Conviction for man who hit Pacers' Jackson with car

Basketball Betting Lines

02/12/2007 -

INDIANAPOLIS (AP) -A man who hit former Indiana Pacers guard Stephen Jackson with a car during a fight outside a strip club last fall was convicted Monday in a ruling by a judge.

Deon Willford waived his right to a jury trial, allowing Marion Superior Court Judge Patricia Gifford to render a verdict. She found the 23-year-old man guilty of felony battery and failure to stop at a scene of an accident, a misdemeanor.

He will be sentenced Feb. 28. He faces two to eight years in prison for the felony and up to a year for the misdemeanor.

Jackson, who now plays for Golden State, left the courtroom to catch a flight to Denver, where the Warriors play Monday night.

``I leave everything in God's hands and continue to work on playing basketball,'' he said.

Jackson was booked into jail Oct. 12 and has been free since on $10,000 bond. He has pleaded not guilty to a felony charge of criminal recklessness and misdemeanor counts of battery and disorderly conduct in the fight outside Club Rio on Oct. 6. His trial is April 12. The criminal recklessness charge carries a prison term of six months to three years.

Willford's car hit Jackson after the fight started. The defendant testified Monday that the 6-foot-8 player was walking toward his car and pointing a gun at him.

``I thought he was trying to kill me,'' Willford said.

Other witnesses said Jackson was walking away from Willford's car and had no weapon out at the time. Jackson said he was hit by the car after he fired shots in the air from his pearl-handled 9 mm pistol to try to break up the fight. He had chipped teeth and bruised knees and needed plastic surgery on his lip after being hit by the car, he said.

Jackson testified that when he was walking from the club to his car, a man approached him shouting, ``dump, dump!''

``Where I'm from, 'dump' means pull out your gun and shoot,'' he said.

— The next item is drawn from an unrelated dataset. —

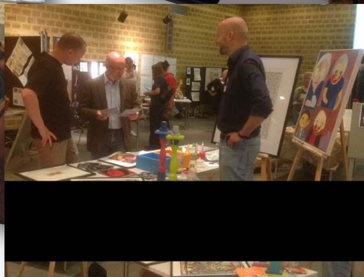
Bazardag for Skoletjenestetilbud i Randers

Pacers guard Jamaal Tinsley testified that he also grabbed his gun and put it in his pocket when he heard ``dump.'' He did not fire any shots and was not charged.

Jackson said the man, identified by prosecutors as Willford's cousin, Quentin ``Fingers'' Willford, had one hand in a back pocket and another in his shirt. The fight started after Jackson and those with him realized Willford had no weapon.

``It was like an all-out brawl,'' Jackson said. ``I started seeing more and more faces I didn't know.'' He said he fired a couple of shots in the air to break up the fight, and then the car hit him.

Besides Tinsley, Pacers swingman Marquis Daniels and former Pacer Jimmie Hunter were with Jackson at the club during the fight but not charged.

At the time, Jackson was on probation for his role in a brawl between Indiana Pacers players and Detroit Pistons fans in 2004. Jackson pleaded no contest to misdemeanor assault and battery charges in September 2005 for his role in the 2004 brawl.

A Michigan judge ruled that the Indiana charges constituted a violation of Jackson's probation. Jackson, who was traded earlier this year, faces up to 30 days in jail on the probation violation.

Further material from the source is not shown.